Monty Experiments

This directory contains all experiments from the paper that use the Monty framework. In this file, you can find instructions for setting up an appropriate python environment, running experiments, and an exhaustive summary of all experiments defined under the configs directory.

Environment Installation

The environment for this project is managed with conda.

To create the environment, run the following command, tailored to your system:

ARM64 (Apple Silicon) (zsh shell)

conda env create -f environment.yml --subdir=osx-64
conda init zsh
conda activate tbs_sensorimotor_intelligence
conda config --env --set subdir osx-64

ARM64 (Apple Silicon) (bash shell)

conda env create -f environment.yml --subdir=osx-64
conda init
conda activate tbs_sensorimotor_intelligence
conda config --env --set subdir osx-64

Intel (zsh shell)

conda env create -f environment.yml
conda init zsh
conda activate tbs_sensorimotor_intelligence

Intel (bash shell)

conda env create -f environment.yml
conda init
conda activate tbs_sensorimotor_intelligence

Further Setup

At a minimum, you'll need to download the YCB object dataset before you can run experiments, though you can also download our pretrained models if you only wish to run evaluation experiments. Please see Downloading Datasets for download instructions and Filesystem Setup to optionally configure the directories used to store downloaded or generated datasets.

Running Experiments

Experiments are defined in the configs directory, including for experiments for pre-training models from scratch. Experiments can be run using the run.py or run_parallel.py scripts located in this directory with

python run.py -e <experiment_name>

python run_parallel.py -e <experiment_name> -n <num_parallel>

The -n argument is optional, and it will be set automatically if not provided.

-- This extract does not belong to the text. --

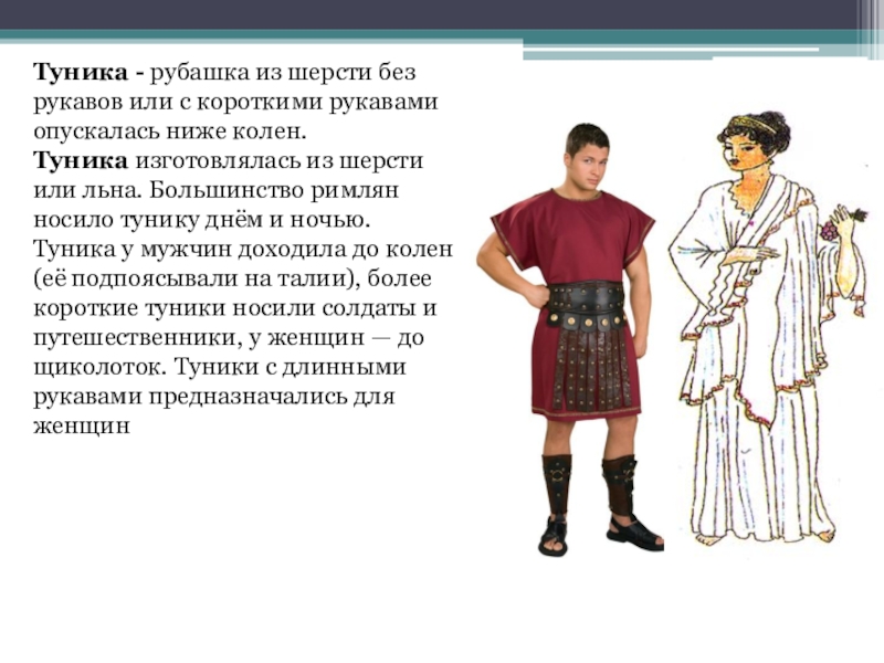 Слайд 13Туника - рубашка из шерсти без рукавов или с короткими рукавами

Note: Not all experiments can be run in parallel. Use this table to determine whether to use run.py or run_parallel.py.

Summary of Experiments

Below is an exhaustive list of the experiment configs used in this paper, along with descriptions motivating the choice of parameters. This summary is largely organized by figure, the exceptions being configs used to generate pretrained models, data used for visualizations, and images used by ViT model.

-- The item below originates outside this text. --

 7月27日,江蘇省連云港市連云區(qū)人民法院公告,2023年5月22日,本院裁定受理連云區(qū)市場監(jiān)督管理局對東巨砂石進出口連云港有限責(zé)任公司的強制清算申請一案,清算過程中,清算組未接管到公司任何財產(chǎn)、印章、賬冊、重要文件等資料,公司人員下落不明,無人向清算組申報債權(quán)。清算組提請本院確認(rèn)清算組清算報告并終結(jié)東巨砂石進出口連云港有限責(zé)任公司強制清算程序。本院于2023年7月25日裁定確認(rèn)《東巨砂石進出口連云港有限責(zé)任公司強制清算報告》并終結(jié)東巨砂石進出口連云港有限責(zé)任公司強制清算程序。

Figure 3: Robust Sensorimotor Inference

This figure presents results from five inference experiments testing Monty's robustness under different conditions. Monty was pre-trained on 14 standard rotations derived from cube face and corner views (see full configuration details in configs/pretraining_experiments/dist_agent_1lm).

Consists of 5 experiments:

dist_agent_1lm: Standard inference with no sensor noise or random rotations
dist_agent_1lm_noise_all: Tests robustness to heavy sensor noise
dist_agent_1lm_randrot_14: Tests performance across 14 random rotations, not seen during training
dist_agent_1lm_randrot_14_noise_all: Tests performance with both random rotations and heavy sensor noise
dist_agent_1lm_randrot_14_noise_all_color_clamped: Tests performance with random rotations, heavy sensor noise, and with the color feature for each observation clamped to blue.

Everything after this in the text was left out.